But when you attempt to reconstruct it in words, you will find that it breaks into a thousand conflicting impressions. Some must be subdued; others emphasised; in the process you will lose, probably, all grasp upon the emotion itself. Then turn from your blurred and littered pages to the opening pages of some great novelist – Defoe, Jane Austen, Hardy. Now you will be better able to appreciate their mastery. It is not merely that we are in the presence of a different person – Defoe, Jane Austen, Thomas Hardy – but we are living a different world. Here in Robinson Crusoe, we are trudging a plain highroad; one thing happens after another; the fact and the order of the fact is enough. But if the open air and adventure mean everything to Defoe they mean nothing to Jane Austen. Here is the drawing-room, and people talking, and by the many mirrors of their talk revealing their characters. And if, when we have accustomed ourselves to the drawing-room and its reflections, we turn to Hardy, we are once more spun round. The moors are round us and the stars are above out heads. The other side of the mind is now exposed – the dark side that comes uppermost in solitude, not the light side that shows in company. Our relations are not towards people, but towards Nature and Destiny. Yet different as these worlds are, each is consistent with itself. The maker of each is careful to observe the laws of his own perspective, and however great a strain they may put upon you they will never confuse us, as lesser writers so frequently do, by introducing two different kinds of reality into the same book.

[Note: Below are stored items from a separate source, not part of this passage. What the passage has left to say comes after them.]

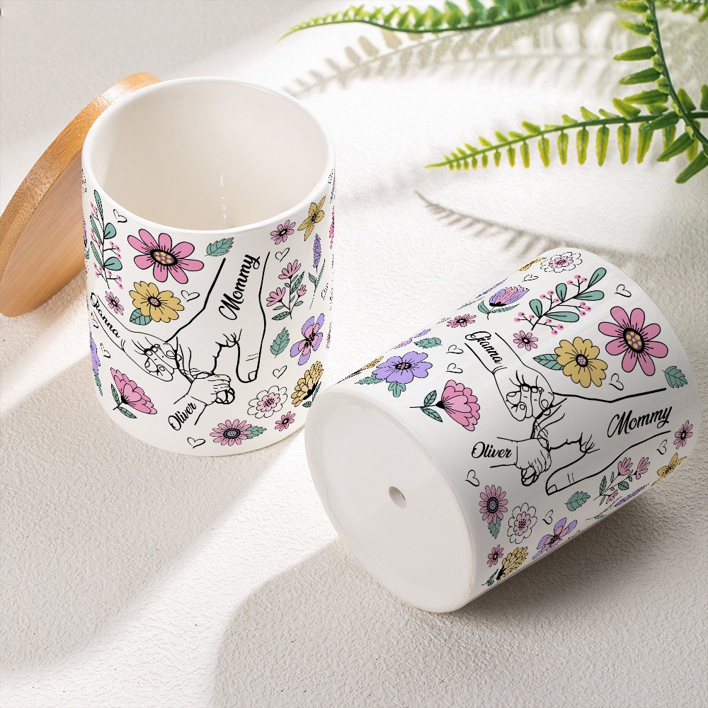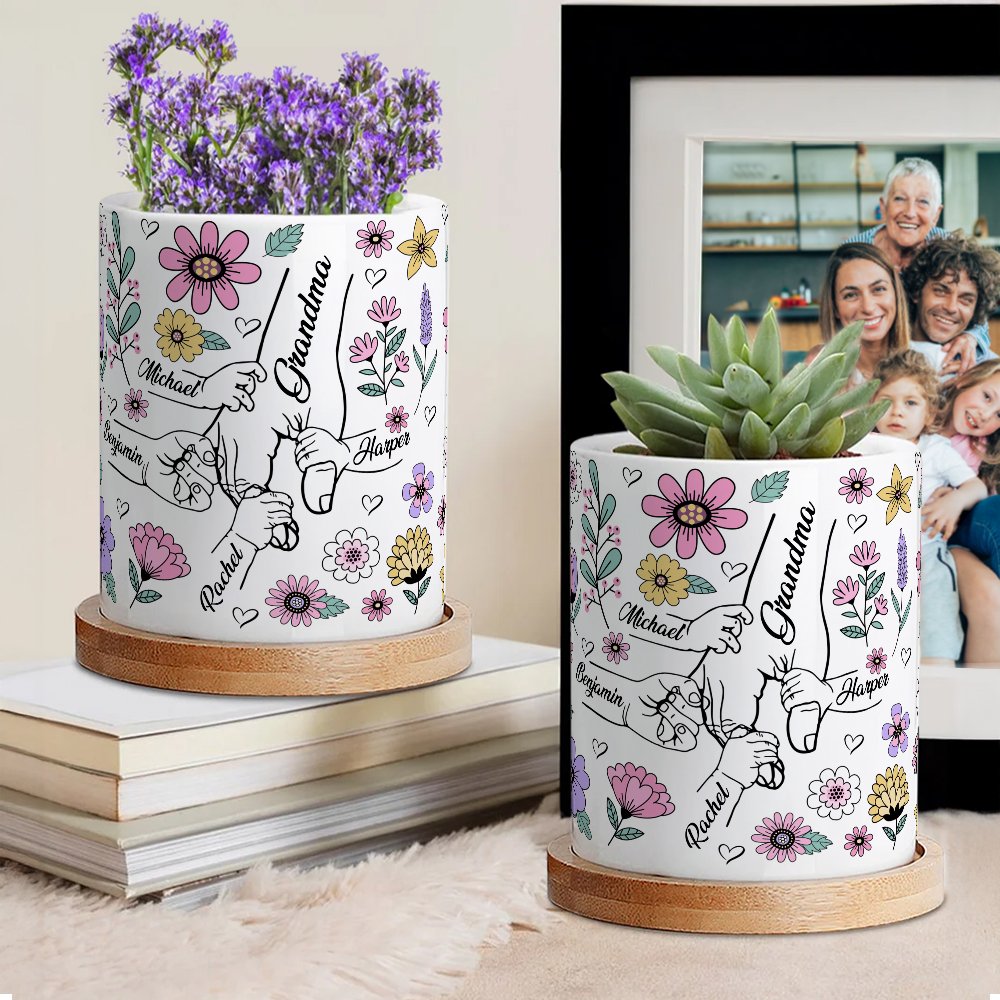 Personalized Big Hand Holding Small Hands Floral Ceramic Planter Pot with Drainage and Bamboo Base Birthday Mother's Day Gift for Mom Grandma
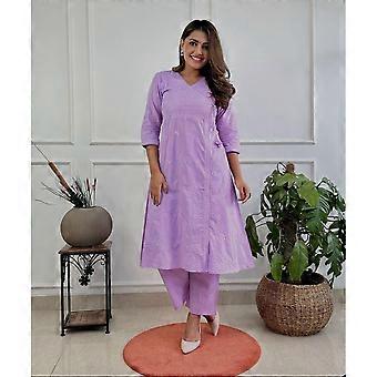 Női pamut Chikankari Angrakha stílusú Kurti szett indiai pakisztáni tunika ruha VF-1865
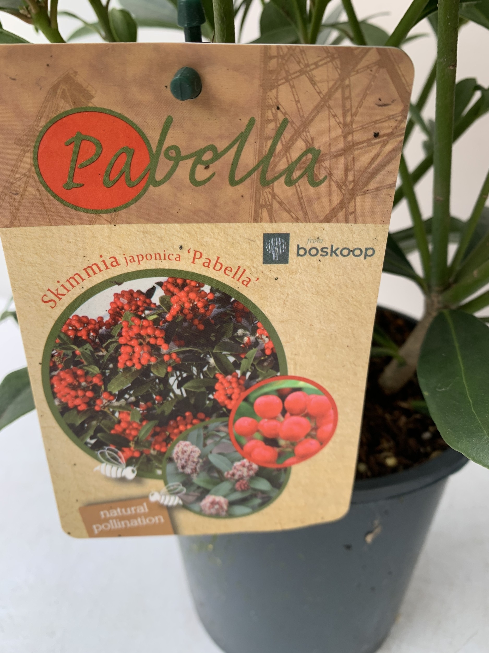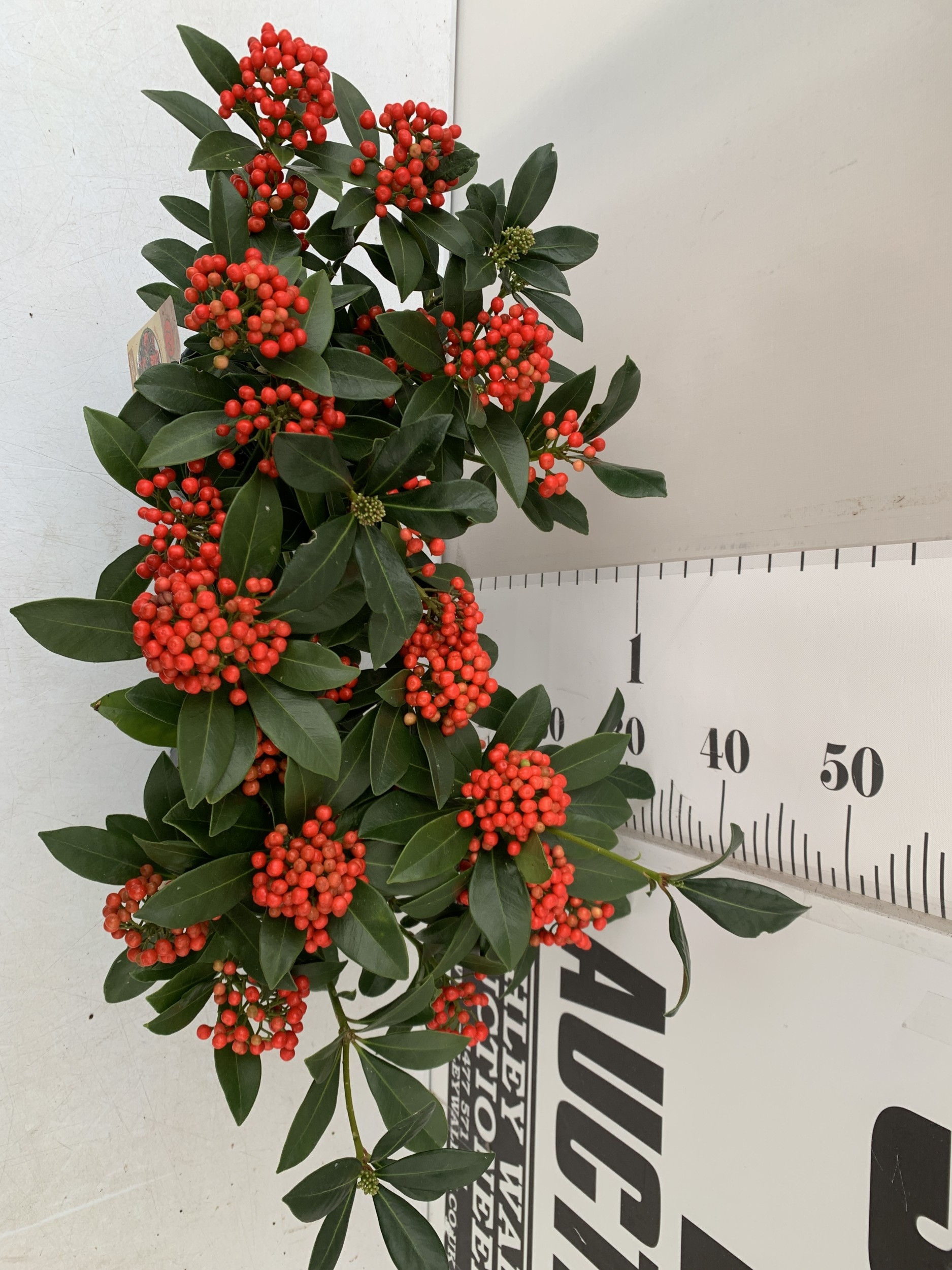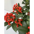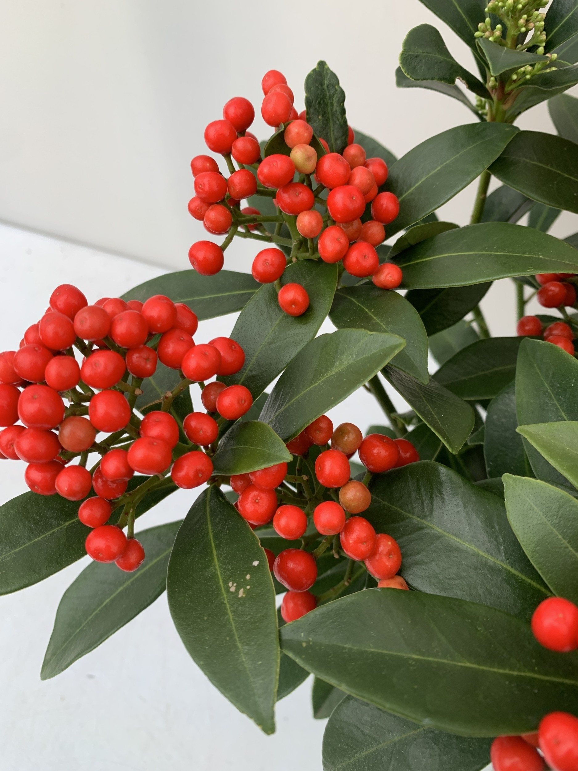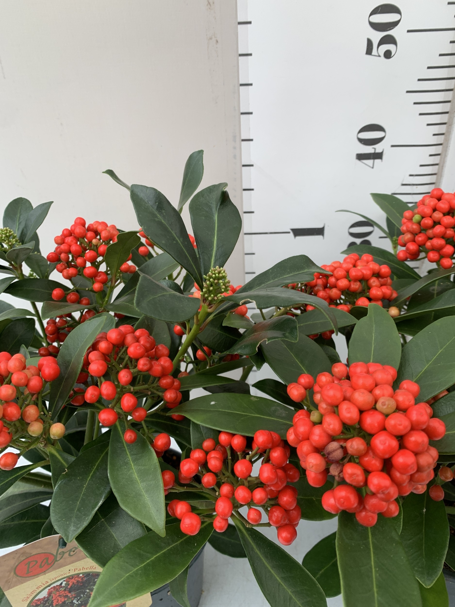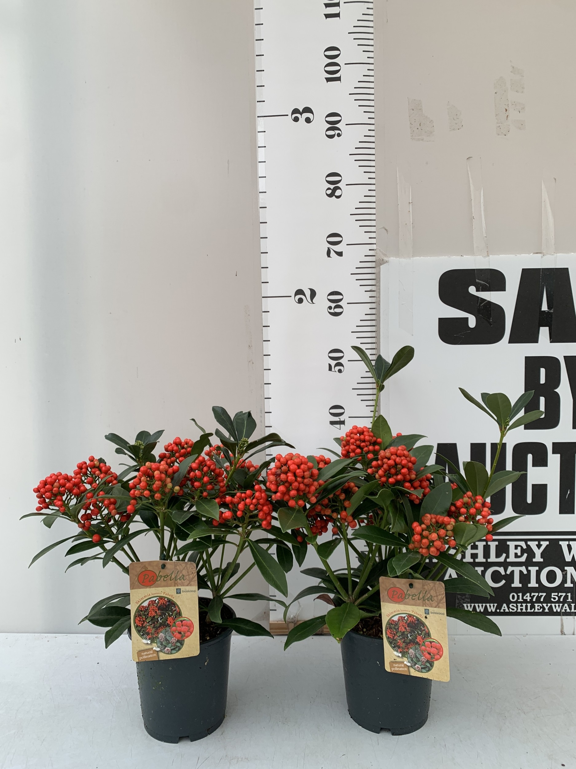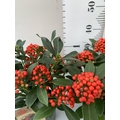 TWO SKIMMIA JAPONICA 'PABELLA' IN 2 LTR POTS. LADEN WITH RED BERRIES. APPROX 40CM TALL, TO BE SOLD FOR THE PAIR
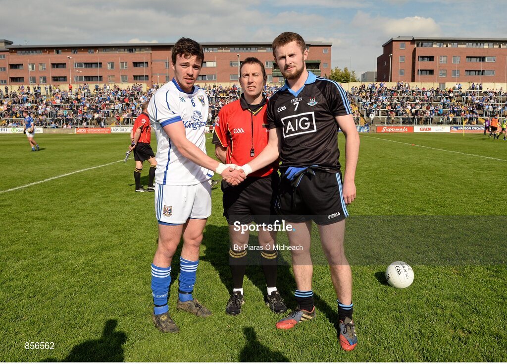 19 April 2014; Team captains Conor P. Moynagh, left, Cavan, and Jack McCaffrey, Dublin, shake hands in the company of referee Derek O'Mahoney. Cadbury GAA Football U21 Championship Semi-Final, Cavan v Dublin, O'Moore Park, Portlaoise, Co. Laois. Picture credit: Piaras Ó Mídheach / SPORTSFILE
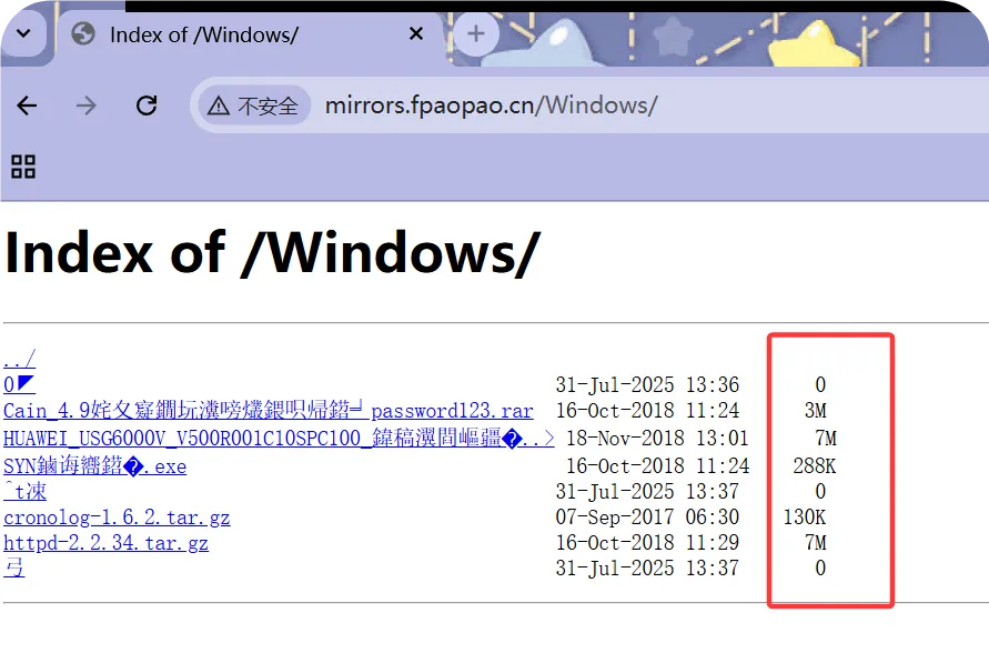[root@web01_0.21[ /mirrors/Windows]# cat /etc/nginx/conf.d/mirrors.fpaopao.cn.confserver { listen 80; server_name mirrors.fpaopao.cn; location / { root /mirrors; index index.html; autoindex on; autoindex_exact_size off; //指定是否应在目录列表中输出确切的文件大小,on显示字节,off显示大概单位。 }}//检查语法&重载
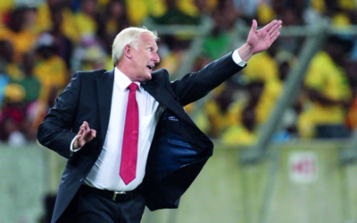 مدرب جنوب إفريقيا يوجه لاعبيه خلال المباراة. أ.ب

Thus to go from one great novelist to another – from Jane Austen to Hardy, from Peacock to Trollope, from Scott to Meredith – is to be wrenched and uprooted; to be thrown this way and then that. To read a novel is a difficult and complex art. You must be capable not only of great fineness of perception, but of great boldness of imagination if you are going to make use of all that the novelist – the great artist – gives you.